Similar to lapply() and its siblings, additional argument(s) to matsindf_apply() include the data over which FUN is to be applied. These arguments can, in the first instance, be supplied as named arguments to the ... argument of matsindf_apply(). All arguments in ... must be named. The ... arguments to matsindf_apply() are passed to FUN according to their names. In this case, the output of matsindf_apply() is the the named list returned by FUN.

matsindf_apply(FUN = example_fun, a = 2, b = 1)

Passing an additional argument (z = 2) causes an unused argument error, because example_fun does not have a z argument.

tryCatch(
  matsindf_apply(FUN = example_fun, a = 2, b = 1, z = 2),
  error = function(e){e}
)

Failing to pass a needed argument (b) causes an error that indicates the missing argument.

tryCatch(
  matsindf_apply(FUN = example_fun, a = 2),
  error = function(e){e}
)

Alternatively, arguments to FUN can be given in a named list to .dat, the first argument of matsindf_apply(). When a value is assigned to .dat, the return value from matsindf_apply() contains all named variables in .dat (in this case both a and b) in addition to the results provided by FUN (in this case both c and d).

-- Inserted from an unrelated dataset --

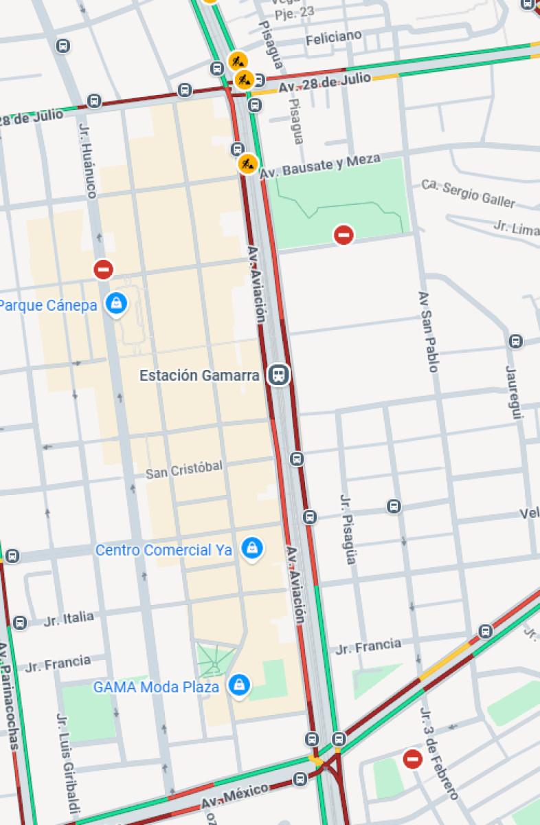 La avenida Aviación presenta un retraso de 6 minutos en su tránsito hacia las 2:30 p.m., cerca de la estación Gamarra de la línea 1 del Metro de Lima. Se reportan múltiples obras en la zona, como en el cruce con la Av. 28 de Julio y con la Av. Bausate y Meza. Foto: Google Maps.

matsindf_apply(list(a = 2, b = 1), FUN = example_fun)

Extra variables are tolerated in .dat, because .dat is considered to be a store of data from which variables can be drawn as needed.

matsindf_apply(list(a = 2, b = 1, z = 42), FUN = example_fun)

In contrast, arguments to ... are named explicitly by the user, so including an extra argument in ... is considered an error, as shown above.

Some details

If a named argument is supplied by both .dat and ..., the argument in ... takes precedence, overriding the argument in .dat.

matsindf_apply(list(a = 2, b = 1), FUN = example_fun, a = 10)

When supplying both .dat and ..., ... can contain named strings of length 1 which are interpreted as mappings from named items in .dat to arguments in the signature of FUN. In the example below, a = "z" indicates that argument a to FUN should be supplied by item z in .dat.

matsindf_apply(list(a = 2, b = 1, z = 42),
               FUN = example_fun, a = "z")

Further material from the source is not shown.